Defendants provide analysis on only one case, Hagy v. Demers & Adams , 882 F.3d 616 (6th Cir. 2018), where a plaintiff asserting a claim under 15 U.S.C. § 1692e(11) was found to lack standing. Dkt. # 14 at 4-5. This case presented unique circumstances that are not replicated here. In Hagy , the communication from the debt collector, which failed to provide the required FDCPA disclosures, "indicated that the Hagys would not have to pay the balance on their loan and that the lender would not pursue any other remedies against the Hagys." Hagy , 882 F.3d at 618. Given these unique facts, the Sixth Circuit concluded the disclosure violation didn't create any actual harm or material risk of harm to the plaintiffs. Id. at 621-22. Here, however, the letters sent to Plaintiff from Defendant indicated that Defendants were attempting to collect a debt because, among other indications, they requested monies due and explicitly referred to the "collections" of unpaid assessments. Accordingly, "the disclosure violation created a risk of harm" by depriving Plaintiff of the information that Defendants were debt collectors attempting to collect debts.
While this case may seem, at first glance, to contradict Judge Coughenour's ruling in Linehan , Judge Robart explicitly limited this ruling to "the facts alleged in [Perry ] and the disclosure requirements of Section 1692g of the FDCPA." Id. at *8, n.4.

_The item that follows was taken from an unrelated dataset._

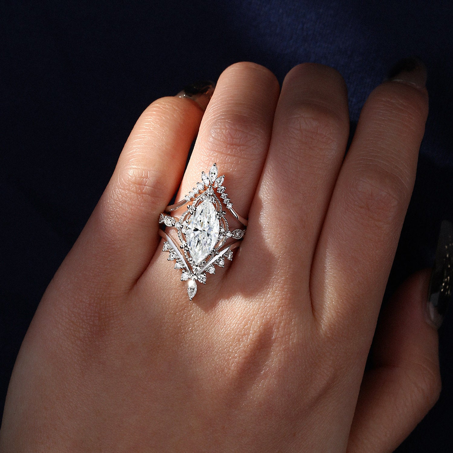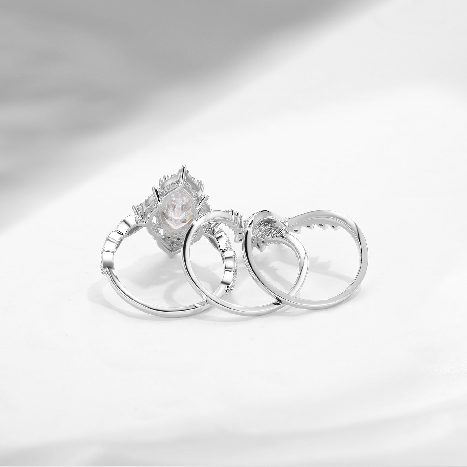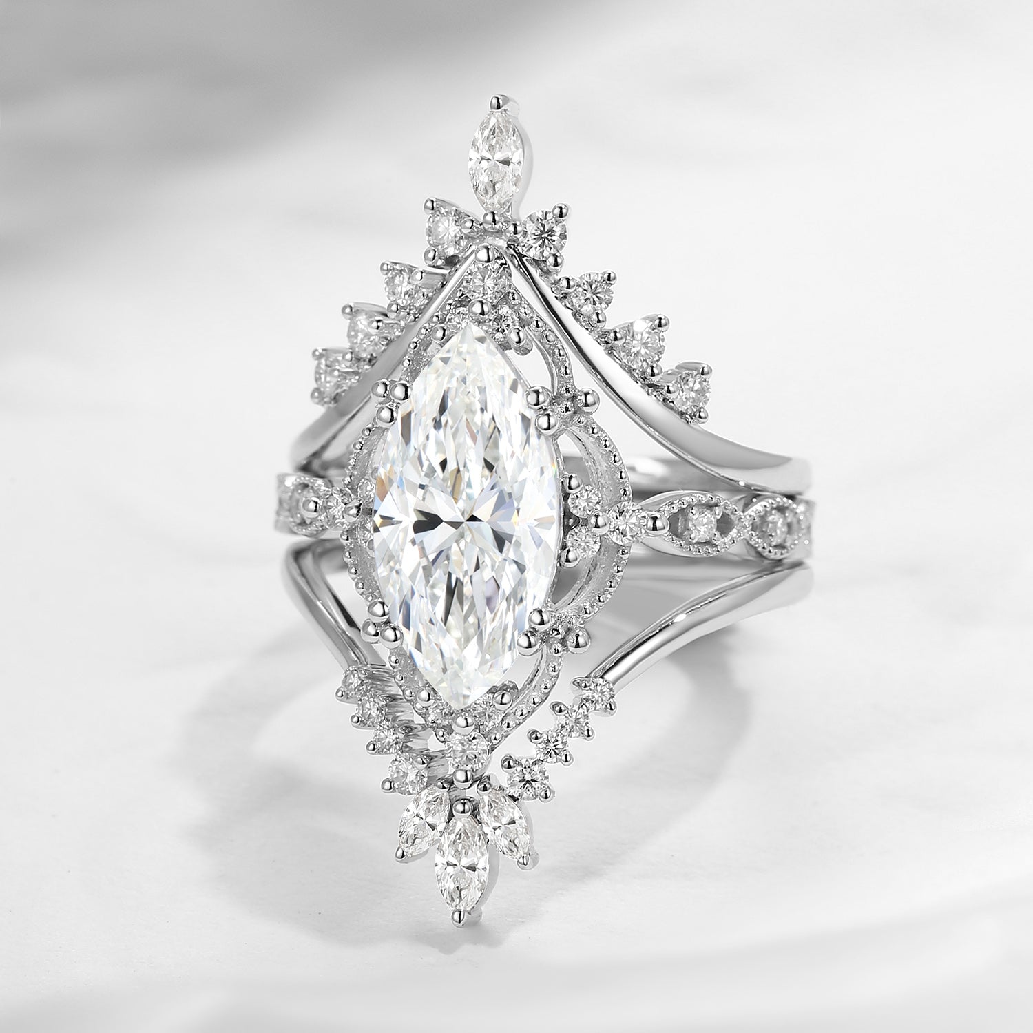 Elegant Vintage Style Marquise Moissanite Bridal Set 3pcs

Although Mr. Williamson suggests that the original May 2017 summons and complaint in the state court action served as the "initial communication" for FDCPA purposes, the Court is skeptical. Dkt. # 14, 13-14; Dkt. # 15, ¶ 2. First, although the Ninth Circuit has not directly spoken on this issue, this Court notes that Congress has provided that summons and complaints "shall not be treated as an initial communication" for purposes of Section 1692g(a). 15 U.S.C. § 1692g(d). This indicates that Congress did not intend to treat state court complaints as initial communications. Although this subsection does not specifically apply itself to Section 1692e(11), the Court sees little reason to believe that this construction would not apply elsewhere in the act, especially because Section 1692e(11) explicitly provides that it "shall not apply to a formal pleading made in connection with a legal action." 15 U.S.C. § 1692e(11) ; see also Fimbres v. Casebolt, Germaine & Schenk, PLC , 2:06-CV-2402-HRH, 2006 WL 8440295, at *4 (D. Ariz. Nov. 21, 2006) (holding that "a summons and complaint are not an initial communication for purposes of the FDCPA"). Second, even if this Court treated the summons and complaint as an "initial communication," it would not change the result, as the summons and complaint also did not contain the requisite disclosure under Section 1692e(11) that it was a communication from a debt collector. The first time Defendants identified themselves as the "debt collectors" they now admit to being was the October 9, 2017 letter and Validation Notice.